┌─ Working data

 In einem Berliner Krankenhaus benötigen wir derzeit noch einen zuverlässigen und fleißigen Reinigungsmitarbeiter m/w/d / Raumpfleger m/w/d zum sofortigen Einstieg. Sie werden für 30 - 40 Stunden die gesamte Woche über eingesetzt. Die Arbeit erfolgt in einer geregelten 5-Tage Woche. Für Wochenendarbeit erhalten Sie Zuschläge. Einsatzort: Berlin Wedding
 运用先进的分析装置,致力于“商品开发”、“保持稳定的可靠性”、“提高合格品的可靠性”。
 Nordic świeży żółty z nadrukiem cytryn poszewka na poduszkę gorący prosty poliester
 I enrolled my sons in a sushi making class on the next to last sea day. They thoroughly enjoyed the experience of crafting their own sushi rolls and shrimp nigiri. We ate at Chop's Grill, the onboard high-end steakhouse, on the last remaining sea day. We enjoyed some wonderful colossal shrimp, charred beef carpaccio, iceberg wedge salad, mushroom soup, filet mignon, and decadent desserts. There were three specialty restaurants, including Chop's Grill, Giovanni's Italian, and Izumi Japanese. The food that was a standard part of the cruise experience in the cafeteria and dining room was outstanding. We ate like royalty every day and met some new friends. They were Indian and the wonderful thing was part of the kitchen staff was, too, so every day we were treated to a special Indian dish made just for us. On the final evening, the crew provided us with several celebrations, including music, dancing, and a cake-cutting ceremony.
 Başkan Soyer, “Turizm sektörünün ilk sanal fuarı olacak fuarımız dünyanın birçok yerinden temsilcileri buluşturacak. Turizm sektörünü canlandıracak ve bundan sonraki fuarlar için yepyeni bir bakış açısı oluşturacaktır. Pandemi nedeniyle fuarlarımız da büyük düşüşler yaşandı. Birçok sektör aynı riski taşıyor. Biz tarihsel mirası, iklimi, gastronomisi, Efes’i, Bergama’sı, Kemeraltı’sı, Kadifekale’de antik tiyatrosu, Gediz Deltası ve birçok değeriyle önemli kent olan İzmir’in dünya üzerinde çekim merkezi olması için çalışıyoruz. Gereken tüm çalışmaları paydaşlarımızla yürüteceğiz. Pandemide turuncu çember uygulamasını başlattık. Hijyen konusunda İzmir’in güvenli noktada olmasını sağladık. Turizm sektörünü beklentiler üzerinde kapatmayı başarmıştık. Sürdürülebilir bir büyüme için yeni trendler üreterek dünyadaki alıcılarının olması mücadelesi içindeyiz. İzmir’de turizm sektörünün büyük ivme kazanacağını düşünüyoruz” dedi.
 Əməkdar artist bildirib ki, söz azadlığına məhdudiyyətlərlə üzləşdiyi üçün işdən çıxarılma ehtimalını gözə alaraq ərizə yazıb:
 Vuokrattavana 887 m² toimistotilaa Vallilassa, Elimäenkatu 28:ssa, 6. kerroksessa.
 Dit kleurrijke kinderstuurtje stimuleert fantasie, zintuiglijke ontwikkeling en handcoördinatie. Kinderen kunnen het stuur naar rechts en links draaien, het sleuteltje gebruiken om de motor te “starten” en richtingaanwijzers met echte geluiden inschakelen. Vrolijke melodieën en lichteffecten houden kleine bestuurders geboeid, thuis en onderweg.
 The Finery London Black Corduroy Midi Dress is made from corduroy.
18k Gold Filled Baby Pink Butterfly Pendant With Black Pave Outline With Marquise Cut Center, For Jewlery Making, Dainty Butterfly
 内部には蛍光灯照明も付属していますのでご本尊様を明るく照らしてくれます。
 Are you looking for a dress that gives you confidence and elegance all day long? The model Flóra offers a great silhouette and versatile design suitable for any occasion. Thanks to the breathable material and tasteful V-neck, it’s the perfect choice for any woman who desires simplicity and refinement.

└─

Task prompt:
Would you transcribe all of the data, keeping each line exact?

Output below:
 In einem Berliner Krankenhaus benötigen wir derzeit noch einen zuverlässigen und fleißigen Reinigungsmitarbeiter m/w/d / Raumpfleger m/w/d zum sofortigen Einstieg. Sie werden für 30 - 40 Stunden die gesamte Woche über eingesetzt. Die Arbeit erfolgt in einer geregelten 5-Tage Woche. Für Wochenendarbeit erhalten Sie Zuschläge. Einsatzort: Berlin Wedding
 运用先进的分析装置,致力于“商品开发”、“保持稳定的可靠性”、“提高合格品的可靠性”。
 Nordic świeży żółty z nadrukiem cytryn poszewka na poduszkę gorący prosty poliester
 I enrolled my sons in a sushi making class on the next to last sea day. They thoroughly enjoyed the experience of crafting their own sushi rolls and shrimp nigiri. We ate at Chop's Grill, the onboard high-end steakhouse, on the last remaining sea day. We enjoyed some wonderful colossal shrimp, charred beef carpaccio, iceberg wedge salad, mushroom soup, filet mignon, and decadent desserts. There were three specialty restaurants, including Chop's Grill, Giovanni's Italian, and Izumi Japanese. The food that was a standard part of the cruise experience in the cafeteria and dining room was outstanding. We ate like royalty every day and met some new friends. They were Indian and the wonderful thing was part of the kitchen staff was, too, so every day we were treated to a special Indian dish made just for us. On the final evening, the crew provided us with several celebrations, including music, dancing, and a cake-cutting ceremony.
 Başkan Soyer, “Turizm sektörünün ilk sanal fuarı olacak fuarımız dünyanın birçok yerinden temsilcileri buluşturacak. Turizm sektörünü canlandıracak ve bundan sonraki fuarlar için yepyeni bir bakış açısı oluşturacaktır. Pandemi nedeniyle fuarlarımız da büyük düşüşler yaşandı. Birçok sektör aynı riski taşıyor. Biz tarihsel mirası, iklimi, gastronomisi, Efes’i, Bergama’sı, Kemeraltı’sı, Kadifekale’de antik tiyatrosu, Gediz Deltası ve birçok değeriyle önemli kent olan İzmir’in dünya üzerinde çekim merkezi olması için çalışıyoruz. Gereken tüm çalışmaları paydaşlarımızla yürüteceğiz. Pandemide turuncu çember uygulamasını başlattık. Hijyen konusunda İzmir’in güvenli noktada olmasını sağladık. Turizm sektörünü beklentiler üzerinde kapatmayı başarmıştık. Sürdürülebilir bir büyüme için yeni trendler üreterek dünyadaki alıcılarının olması mücadelesi içindeyiz. İzmir’de turizm sektörünün büyük ivme kazanacağını düşünüyoruz” dedi.
 Əməkdar artist bildirib ki, söz azadlığına məhdudiyyətlərlə üzləşdiyi üçün işdən çıxarılma ehtimalını gözə alaraq ərizə yazıb:
 Vuokrattavana 887 m² toimistotilaa Vallilassa, Elimäenkatu 28:ssa, 6. kerroksessa.
 Dit kleurrijke kinderstuurtje stimuleert fantasie, zintuiglijke ontwikkeling en handcoördinatie. Kinderen kunnen het stuur naar rechts en links draaien, het sleuteltje gebruiken om de motor te “starten” en richtingaanwijzers met echte geluiden inschakelen. Vrolijke melodieën en lichteffecten houden kleine bestuurders geboeid, thuis en onderweg.
 The Finery London Black Corduroy Midi Dress is made from corduroy.
18k Gold Filled Baby Pink Butterfly Pendant With Black Pave Outline With Marquise Cut Center, For Jewlery Making, Dainty Butterfly
 内部には蛍光灯照明も付属していますのでご本尊様を明るく照らしてくれます。
 Are you looking for a dress that gives you confidence and elegance all day long? The model Flóra offers a great silhouette and versatile design suitable for any occasion. Thanks to the breathable material and tasteful V-neck, it’s the perfect choice for any woman who desires simplicity and refinement.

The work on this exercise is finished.